Both the problem of class imbalance in datasets and parameter selection of Support Vector Machine (SVM) are crucial to predict software defects. However, there is no one working to solve these problems synchronously at present. To tackle this problem, a hybrid multi-objective cuckoo search under-sampled software defect prediction model based on SVM (HMOCS-US-SVM) is proposed to solve synchronously above two problems. Firstly, a hybrid multi-objective cuckoo search with dynamical local search (HMOCS) is utilized to select synchronously the non-defective sampling and optimize the parameters of SVM. Then, three under-sampled methods for decision region range are proposed to select the non-defective modules. In the simulation, the three indicators, including the false positive rate (pf), the probability of detection (pd), and G-mean, are employed to measure the performance of the proposed algorithm. In addition, eight datasets from Promise database are selected to verify the proposed software defect predication model. Comparing with the result of eight prediction models, the proposed method comes into effect on solving software defect prediction problem.

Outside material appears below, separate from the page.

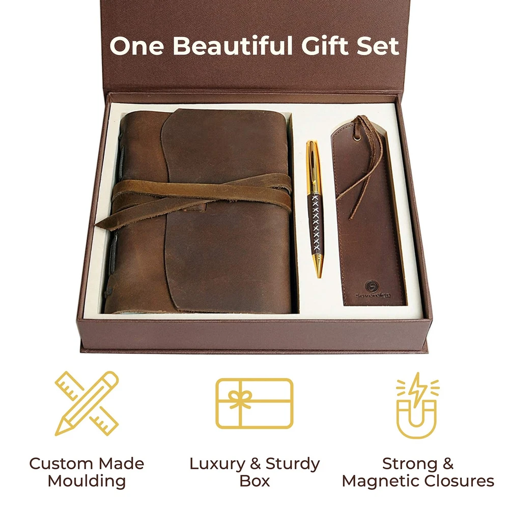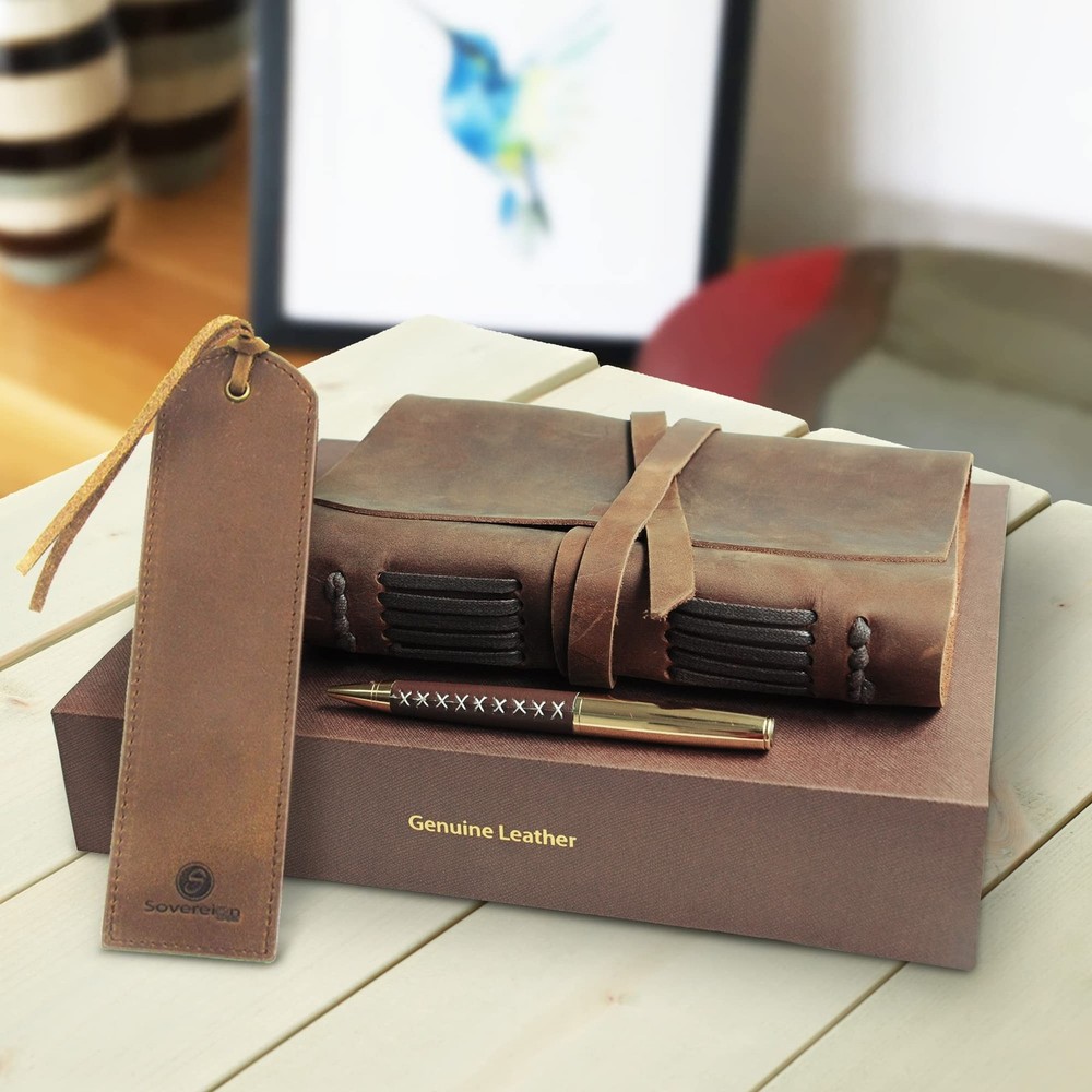 Leather Bound Journal for Men and Women, Handmade Gift Set with Genuine Leather Bookmark and Stylish Pen, Vintage and Classic, Notebook, Sketchbook, Planner, Journal and Diary (300 Pages) (8x6") ✓ Free 60 Day Returns ✓ Free Express Shipping Description: Features: UNIQUE GIFT SET: Handmade leather journal and matching bookmark with designer pen and hidden pen holder. Presented in a finely crafted presentation box. A timeless gift for someone special who loves to write. PREMIUM LEATHER: Crafted with delicate yet super tough buffalo leather, including a long strap that secures the notebook firmly. Our leather is thicker than competitors and offers lifetime durability with lasting softness. RUSTIC DESIGN: Achieves a unique and distressed look when scratched and features decorative stitching for added charm. Coated with special natural oils that make handling a joy. Plus, it has a wonderful authentic leather smell that inspires you to write daily. QUALITY CREAM PAPER: 300 premium unlined multipurpose sheets for notes, daily plans, sketches, inspiring ideas, memories and more. Zero bleed through with fountain pens. Not refillable. PERFECT SIZE: Designed with a choice of two sizes - 7x5" or 8x6" to suit a wide range of writing styles. We also offer many other sizes and styles of journals, including refillable journals. There's something for everyone! Product Details: Brand: Sovereign-Gear Color: Antique Brown Theme: Plain Sheet Size: A5 Pages: 300 Cover Material: Leather Style: rustic Ruling Type: Plain Special Feature: Bookmark, Pen Holder Number of Items: 1 Manufacturer: Sovereign-Gear Brand: Sovereign-Gear Item Weight: 2.21 pounds Product Dimensions: 11.22 x 9.45 x 2.17 inches Item model number: SG-8x6-Gift-Set Is Discontinued By Manufacturer: No Color: Antique Brown Cover Material: Leather Material Type: leather Number of Items: 1 Size: 8" x 6" Gift Set Ruling: Plain Sheet Size: A5 Manufacturer Part Number: SG-8x6-Gift-Set Date First Available: June 19, 2018

机译:数据集中的类不平衡问题和支持向量机(SVM)的参数选择对于预测软件缺陷都至关重要。但是,目前没有人致力于同步解决这些问题。针对这一问题,提出了一种基于支持向量机的混合多目标布谷鸟搜索欠采样软件缺陷预测模型(HMOCS-US-SVM),以同时解决上述两个问题。首先,利用混合多目标布谷鸟搜索与动态局部搜索(HMOCS)来同步选择无缺陷采样并优化支持向量机的参数。然后,提出了三种用于决策区域范围的欠采样方法来选择无缺陷的模块。在仿真中,使用了三个指标,包括误报率(pf),检测概率(pd)和G均值,来衡量所提出算法的性能。此外,从Promise数据库中选择了八个数据集以验证所提出的软件缺陷预测模型。与八个预测模型的结果进行比较,提出的方法对解决软件缺陷的预测问题生效。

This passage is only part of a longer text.